American History X is the inverse of a revenge story like Oldboy — where Oh Dae Su begins a relatively good man and ends a monster, X is the opposite. The non-linear timeline tracks this journey in a back-and-forth that gives us exactly what we need to see next, chronology be damned. That’s how information in story should work, although maybe the color/black-and-white doesn’t add much.
But the slow-motion does, and overall, the visual approach to this film is as satisfying as its structure. Edward Norton in the shower is perfect in that slow-motion, and taking down the Nazi flags and posters will feel like dramatic slow-motion in hindsight.
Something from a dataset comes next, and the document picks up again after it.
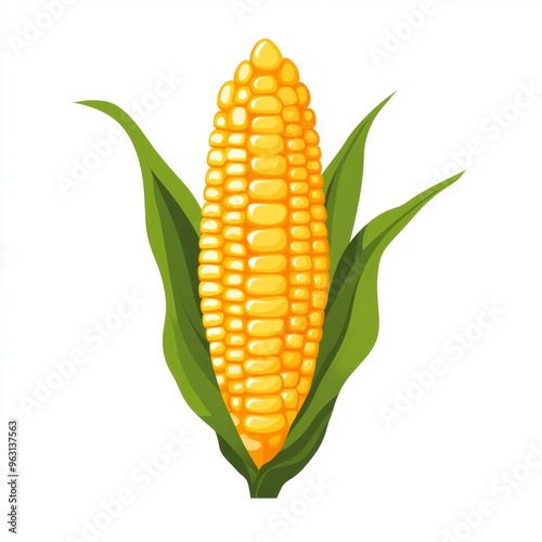 Obraz premium Vibrant Flat Design Corn Cob Illustration on White Background - Simple and...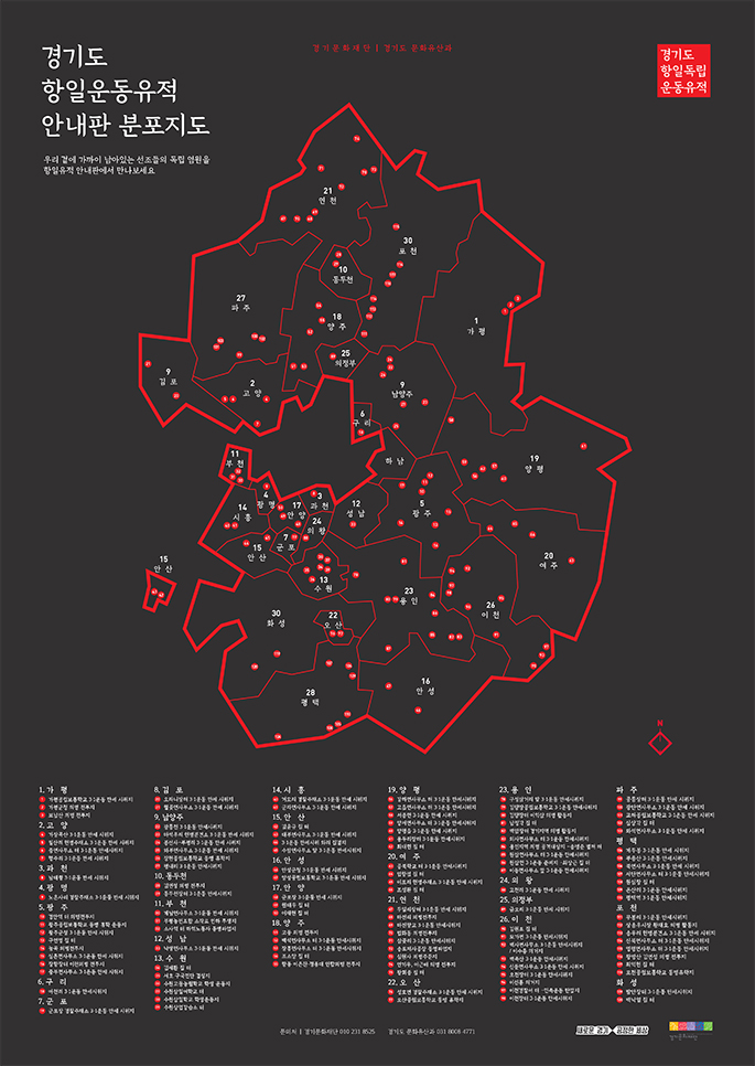 경기도가 도내 166곳 항일운동 유적지에 안내판(121곳)과 표지판(45곳) 설치을 마무리한데 이어 유적지 안내지도를 제작해 31개 시ㆍ군, 보훈처, 도내 초ㆍ중학교에 배부하고 DBF파일로도 제작해 인터넷을 통해 공개했다.

What starts as a blood-boiling gangster story slowly evolves, as Derek does, into a cathartic, teary-eyed drama.
A friendship is depicted in strokes perfectly paced for a feature film, as is the mentor-student relationship running alongside it. Derek’s rescue of his younger brother from the Nazi HQ is a dizzying scene that pays off so much of what has been built up. And while it’s all huggy and nice, American History X is a classical tragedy, proving that for such heinous individuals, redemption isn’t enough.
For the next generation, for history yet to be made, the cycle must first be broken.
And scene. Although, the ‘cycle’ is sort of spurious. In a deleted scene, Ethan Suplee and Stacey Keach are also gunned down by black hoodlums, and that completely wreaks of some Bioshock Infinite bullshit — black gangsters and Neo-Nazis are not even close to the same thing. Don’t go there, and I guess I’m glad they didn’t.